Прежде чем ответить, Кадальсо снова переглядывается со стражниками. Тот, что на столе, по-прежнему держит арестанта за ноги.
— Да кое-что такое он все же вымолвил… Мы из него вытянули… Голуби.
— Голуби?
— Вроде того.
— Голуби — это в смысле, которые летают?
— Других не знаю, сеньор комиссар.
— И что же?
— Голуби и бомбы. Похоже, это голубиная почта.
Тисон медленно выпрямляется. Неясное ощущение, смутная мысль пронзает мозг. Проносится в голове.
— И?
— Ну и в какую-то минуту он вдруг сказал: «Спрашивайте того, кто знает, куда упадут бомбы».
— Кого «того»?
— Вот мы и пытаемся добиться толку.
Мысль кажется сейчас Тисону похожей на длинный темный коридор за чуть приоткрытой дверью. Он отступает от стола на два шага. Очень осторожно, словно боясь, что неловким, чересчур размашистым движением спугнет ее и щелка в двери исчезнет.
— А ну, посадите его.
С помощью Кадальсо стражники подхватывают арестанта, переваливают его на стол, причем он кричит от боли. Тисон замечает, что, покуда его волоком тащат к стулу, он то закрывает, то широко открывает глаза, будто выходя из транса. Бросили на стул. Руки за спиной, стражники по бокам. Тисон придвигает себе второй стул, переворачивает его спинкой вперед и, скрестив на ней руки, усаживается верхом.
— Объясню тебе, Мулат, подоходчивей… Тех, кто работает на врага, ждет гаррота. Дело твое — ясное.

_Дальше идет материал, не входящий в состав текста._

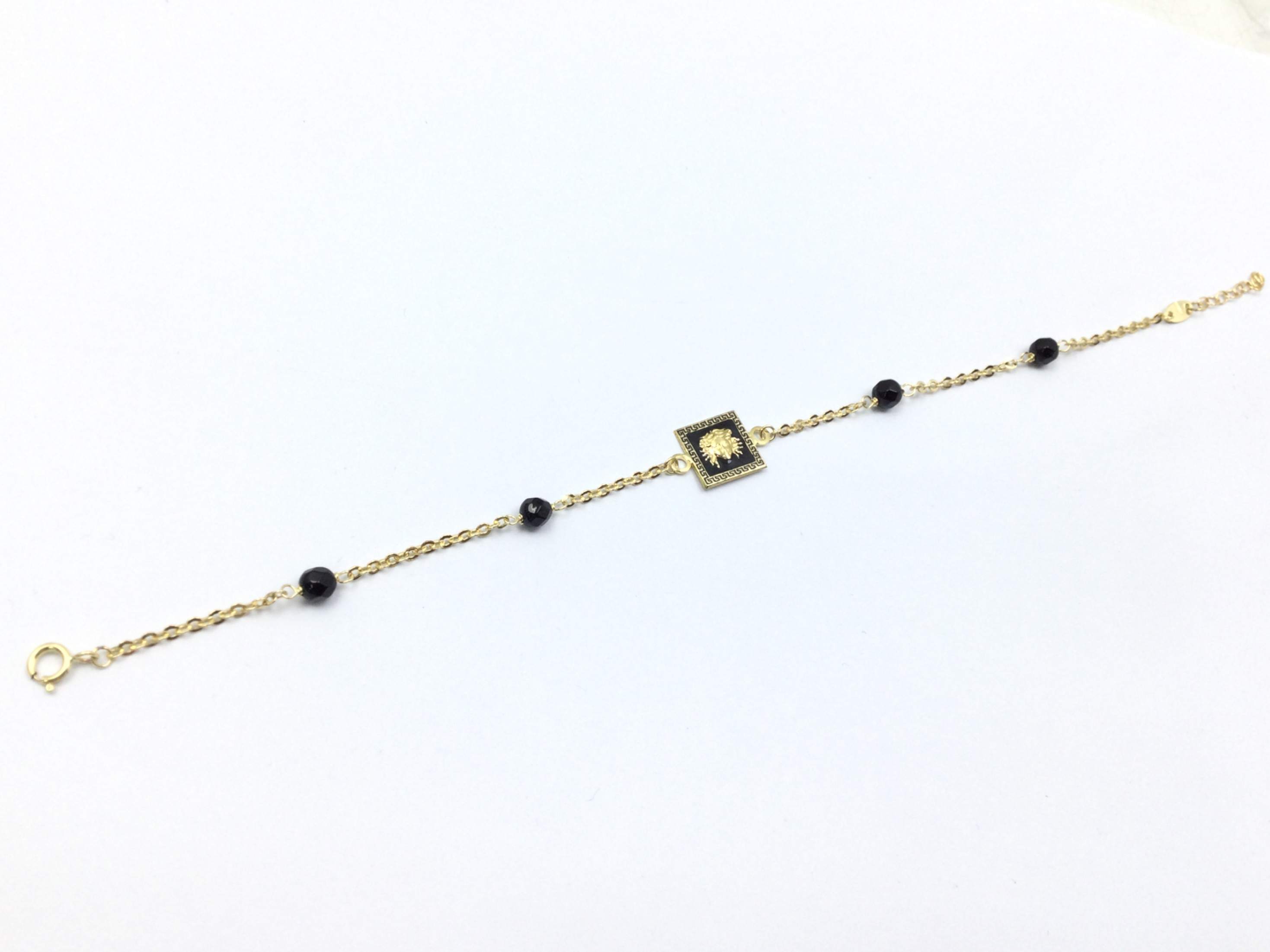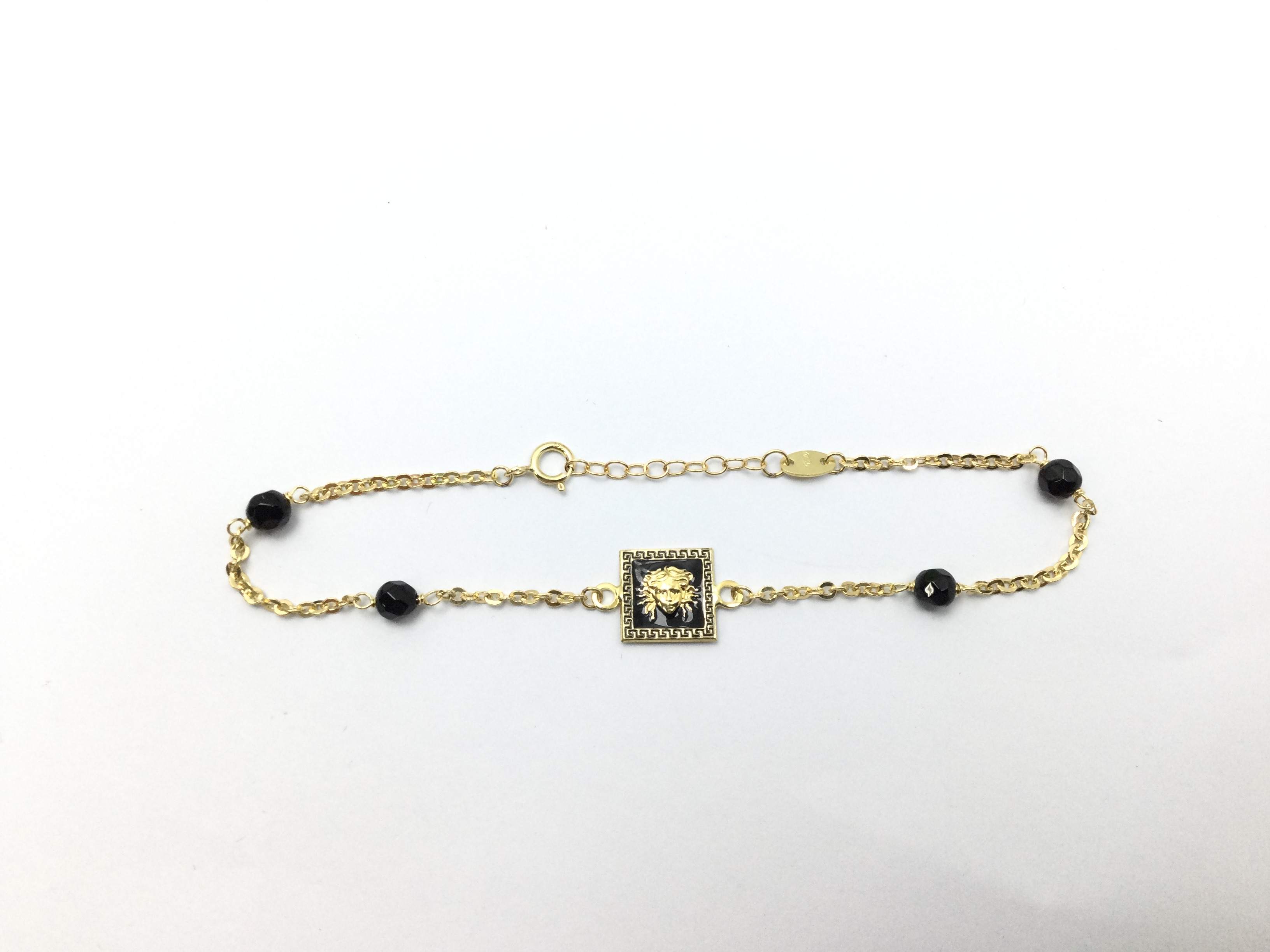 pulsera oro 18kt medusa cuadrada esmaltada con bolas onix 17cm

Помолчав, чтобы контрабандист успел освоиться в новом положении и кровь отлила у него от головы, а также, чтобы переварил сказанное им, продолжает:
— Начнешь сотрудничать с нами — по крайней мере, мучиться не будешь.
Тот заходится в тяжком приступе кашля. Все никак не отойдет от удушья. Капли слюны долетают до самых колен Тисона, но комиссар остается неподвижен.
— По крайней мере?
Голос у него глуховатый, низкий, как почти у всех людей его расы. А цвет кожи курьезный вышел, размышляет Тисон: с виду негр, а кожа белая. Словно мочалкой с мылом оттерли.
— Да.
В глазах арестанта мелькнула искорка презрения. Быстро, однако, этот бычище оправился, соображает комиссар, однако больше ничего такого с ним не сделаешь: не хватает мне только новой выволочки от губернатора
и главноуправляющего… Одного утопили уже — довольно!— Бабушке своей заливай, — говорит Мулат.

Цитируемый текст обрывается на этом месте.